* **Provided information**:
□ □ □ □ □ □ □

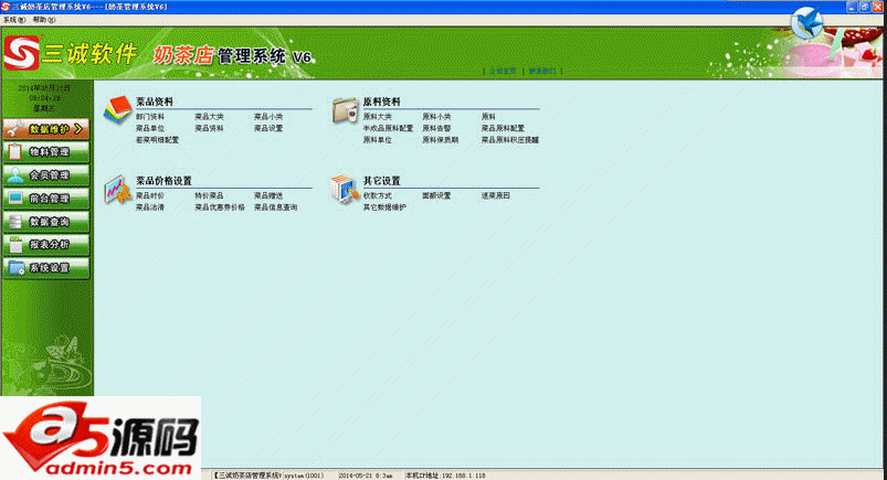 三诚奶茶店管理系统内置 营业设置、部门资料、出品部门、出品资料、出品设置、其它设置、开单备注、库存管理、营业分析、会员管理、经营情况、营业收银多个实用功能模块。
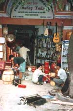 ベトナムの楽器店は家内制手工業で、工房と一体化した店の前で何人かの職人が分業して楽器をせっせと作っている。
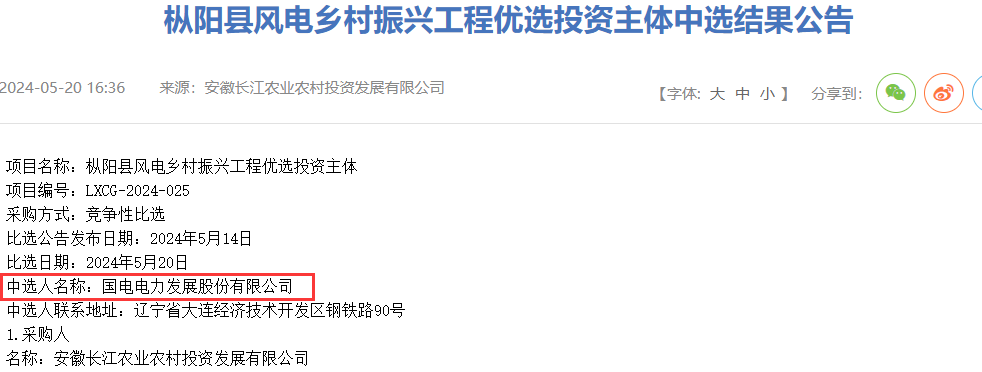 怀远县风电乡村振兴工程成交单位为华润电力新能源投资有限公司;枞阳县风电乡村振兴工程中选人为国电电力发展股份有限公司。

□ □ □ □ □ □ □

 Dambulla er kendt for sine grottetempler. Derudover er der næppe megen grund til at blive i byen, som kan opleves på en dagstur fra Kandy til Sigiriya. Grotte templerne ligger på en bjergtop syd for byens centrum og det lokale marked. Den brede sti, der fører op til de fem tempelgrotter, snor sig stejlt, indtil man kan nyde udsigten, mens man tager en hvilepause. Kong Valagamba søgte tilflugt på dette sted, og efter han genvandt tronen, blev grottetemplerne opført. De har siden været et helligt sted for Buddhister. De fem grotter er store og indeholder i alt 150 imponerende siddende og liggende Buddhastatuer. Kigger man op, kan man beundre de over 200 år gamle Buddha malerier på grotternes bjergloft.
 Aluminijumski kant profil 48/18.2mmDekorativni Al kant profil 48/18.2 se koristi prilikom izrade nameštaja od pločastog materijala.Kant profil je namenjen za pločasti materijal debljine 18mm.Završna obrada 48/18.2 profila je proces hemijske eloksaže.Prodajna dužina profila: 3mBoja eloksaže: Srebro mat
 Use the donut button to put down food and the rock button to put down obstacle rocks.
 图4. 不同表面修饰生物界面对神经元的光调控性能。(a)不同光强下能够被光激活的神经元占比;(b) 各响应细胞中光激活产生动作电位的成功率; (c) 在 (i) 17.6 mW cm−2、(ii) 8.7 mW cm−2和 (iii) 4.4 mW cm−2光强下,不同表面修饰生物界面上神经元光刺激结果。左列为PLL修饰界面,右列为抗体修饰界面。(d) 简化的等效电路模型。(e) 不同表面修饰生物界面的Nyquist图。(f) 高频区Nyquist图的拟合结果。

□ □ □ □ □ □ □

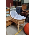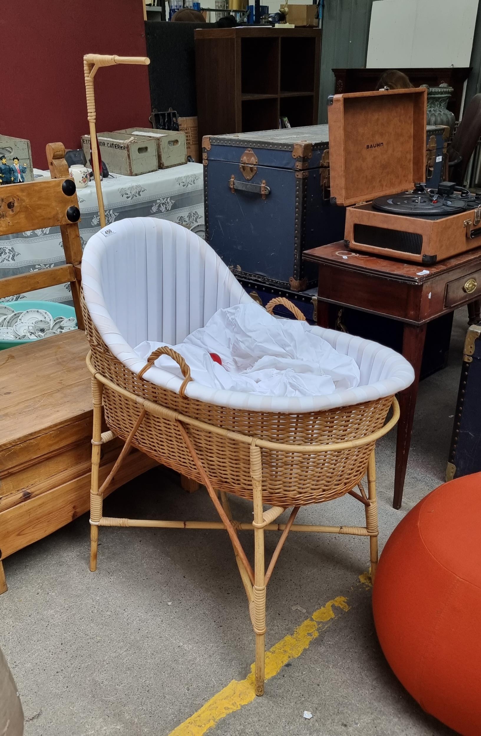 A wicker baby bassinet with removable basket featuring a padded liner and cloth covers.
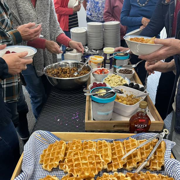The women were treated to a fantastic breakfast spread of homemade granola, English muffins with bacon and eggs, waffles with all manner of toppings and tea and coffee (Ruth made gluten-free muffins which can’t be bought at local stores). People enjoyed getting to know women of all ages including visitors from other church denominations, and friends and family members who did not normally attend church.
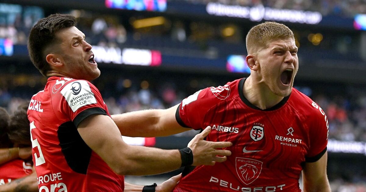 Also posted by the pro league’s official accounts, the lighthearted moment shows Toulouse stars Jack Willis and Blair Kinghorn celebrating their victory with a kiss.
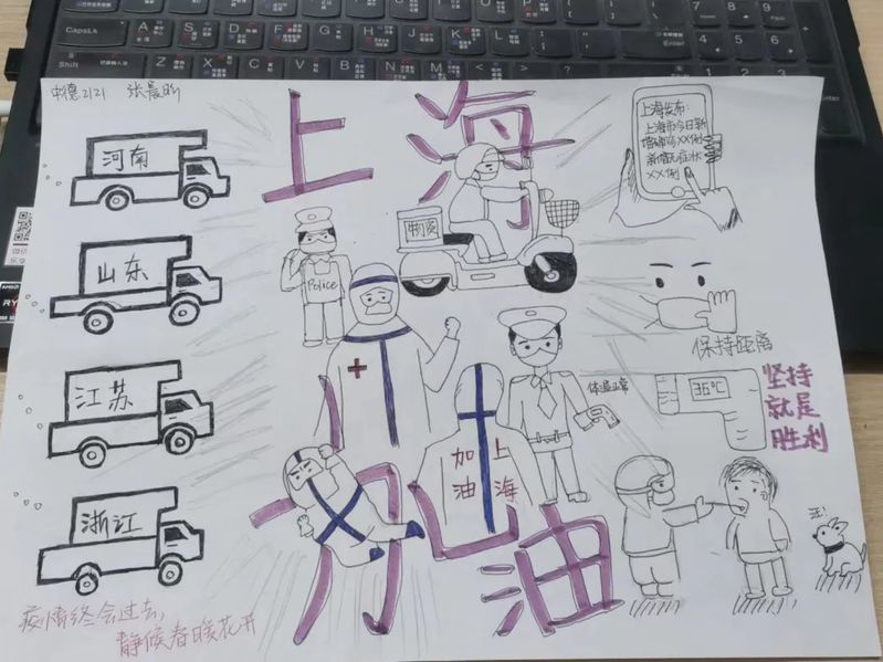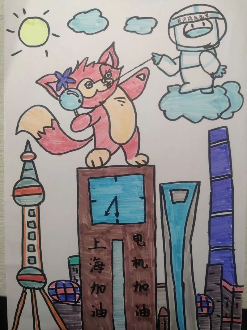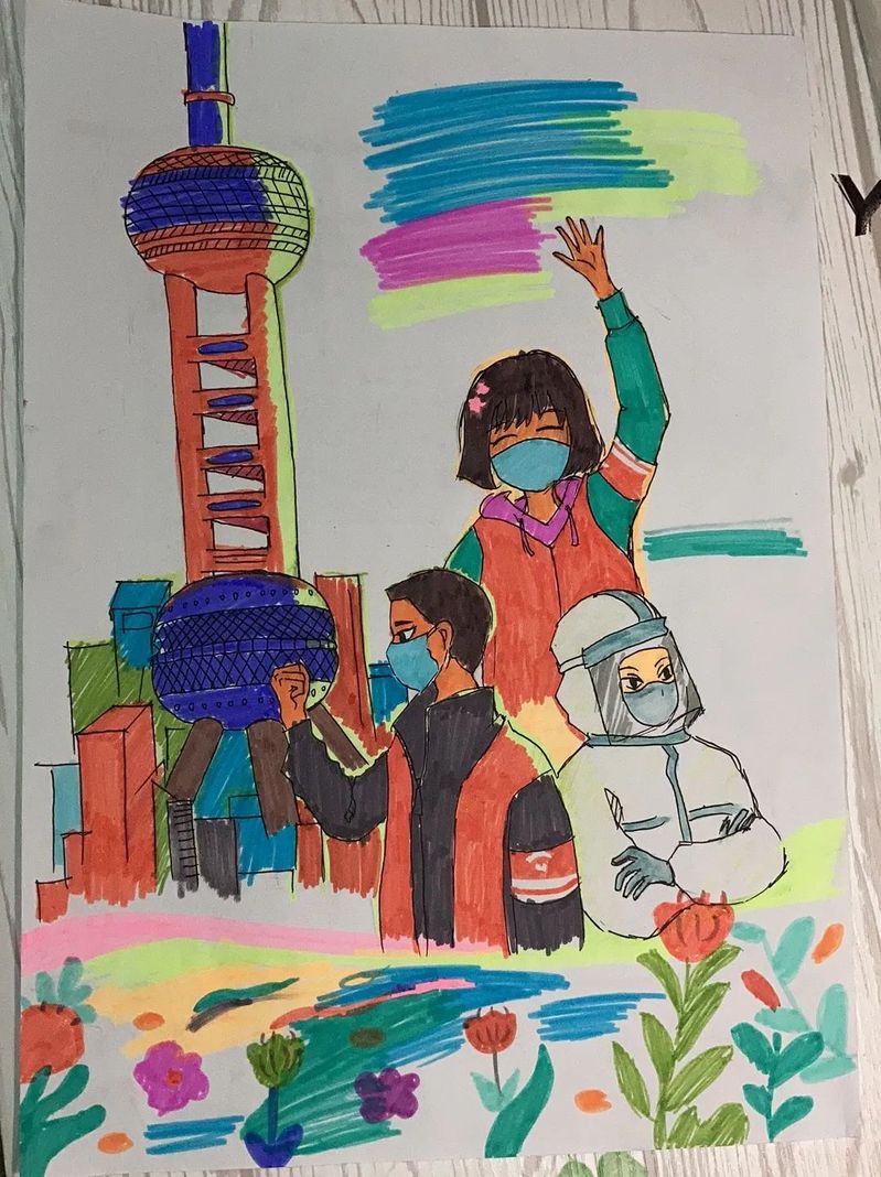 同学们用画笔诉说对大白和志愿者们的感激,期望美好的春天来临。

□ □ □ □ □ □ □

* **What is expected**:
Range to print from the listing above: from the line with "三诚奶茶店管理系统内置 营业" up to and including the line with "怀远县风电乡村振兴工程成交单". Please print those lines exactly, with no pictures and nothing more.

* **Task answer**:
 三诚奶茶店管理系统内置 营业设置、部门资料、出品部门、出品资料、出品设置、其它设置、开单备注、库存管理、营业分析、会员管理、经营情况、营业收银多个实用功能模块。
 ベトナムの楽器店は家内制手工業で、工房と一体化した店の前で何人かの職人が分業して楽器をせっせと作っている。
 怀远县风电乡村振兴工程成交单位为华润电力新能源投资有限公司;枞阳县风电乡村振兴工程中选人为国电电力发展股份有限公司。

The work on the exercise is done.